Member of the Pennsylvania House of Representatives from the 132nd district
- In office January 5, 1999 – January 1, 2013
- Preceded by: Charlie Dent
- Succeeded by: Michael Schlossberg

Personal details
- Born: May 17, 1969 (age 57) Allentown, Pennsylvania, U.S.
- Party: Democratic
- Alma mater: Lehigh University (BA)

= Jennifer Mann =

American politician

Jennifer L. Mann (born May 17, 1969) is an American businesswoman and former Democratic member of the Pennsylvania House of Representatives for the 132nd District, having served from 1999 to 2013.

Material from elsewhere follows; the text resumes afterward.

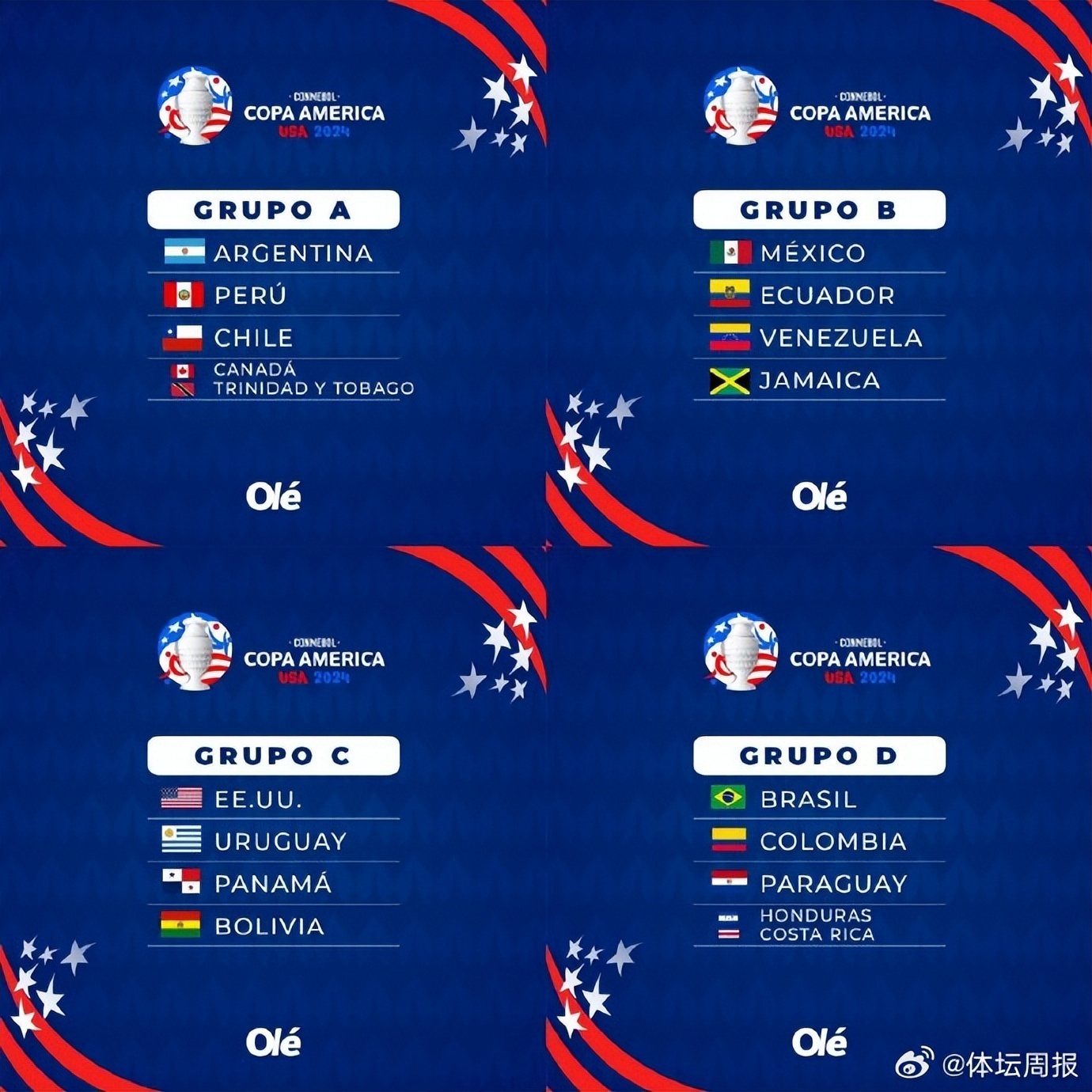 本届美洲杯,卫冕冠军阿根廷与秘鲁,智利,加拿大同居A组。东道主美国队身居C组,将与乌拉圭,巴拿马,玻利维亚在小组赛交手。第二大夺冠热门巴西队身居D组。

==Early life and education==
Jennifer L. Mann was born in Allentown, Pennsylvania, on May 17, 1969. She attended and graduated from William Allen High School in Allentown in 1987. She then attended and graduated from Lehigh University in Bethlehem, Pennsylvania, with a BA in economics and government in 1991.

==Career==
Mann owned and operated a wireless communications firm and served on Lehigh County's Democratic Committee before seeking elected office in 1998, when she ran for the Pennsylvania House of Representatives, seeking the seat vacated by Charlie Dent when Dent ran for the Pennsylvania State Senate. Mann defeated Emma Tropiano in the Democratic primary and then Republican Allentown City Councilman and former Lehigh County executive David Bausch in the general election. She is the first Democrat to represent the Pennsylvania House of Representatives, District 132 since Jack Pressman in 1990.

In 2005, she ran for the Pennsylvania State Senate in a special election seeking to fill the vacancy following Dent's election to Congress. Mann lost the race to then State Representative Pat Browne. Three years later, in 2008, Mann sought the Democratic nomination Pennsylvania Treasurer. She lost that race to Robert McCord.

==Legislative career==
During her tenure in the state legislature, Mann served on the House Finance, Environmental Resources and the Energy, Consumer Affairs, Insurance and Transportation Committees. She was co-chair of the New Democrat Coalition, the Community College Caucus, the Arthritis Caucus, and served on the House Rules Committee. In 2003, the political website PoliticsPA named her as a possible successor to House Minority Leader Bill DeWeese. Mann served in Pennsylvania House leadership as Majority Caucus Secretary. She is the third woman to have served in a House Democratic leadership position since the Pennsylvania legislature was formed.

In 2012, Mann opted not to seek reelection and reentered the private sector, starting a consulting firm based in Allentown. She was succeeded in representing the district by Democrat Michael Schlossberg.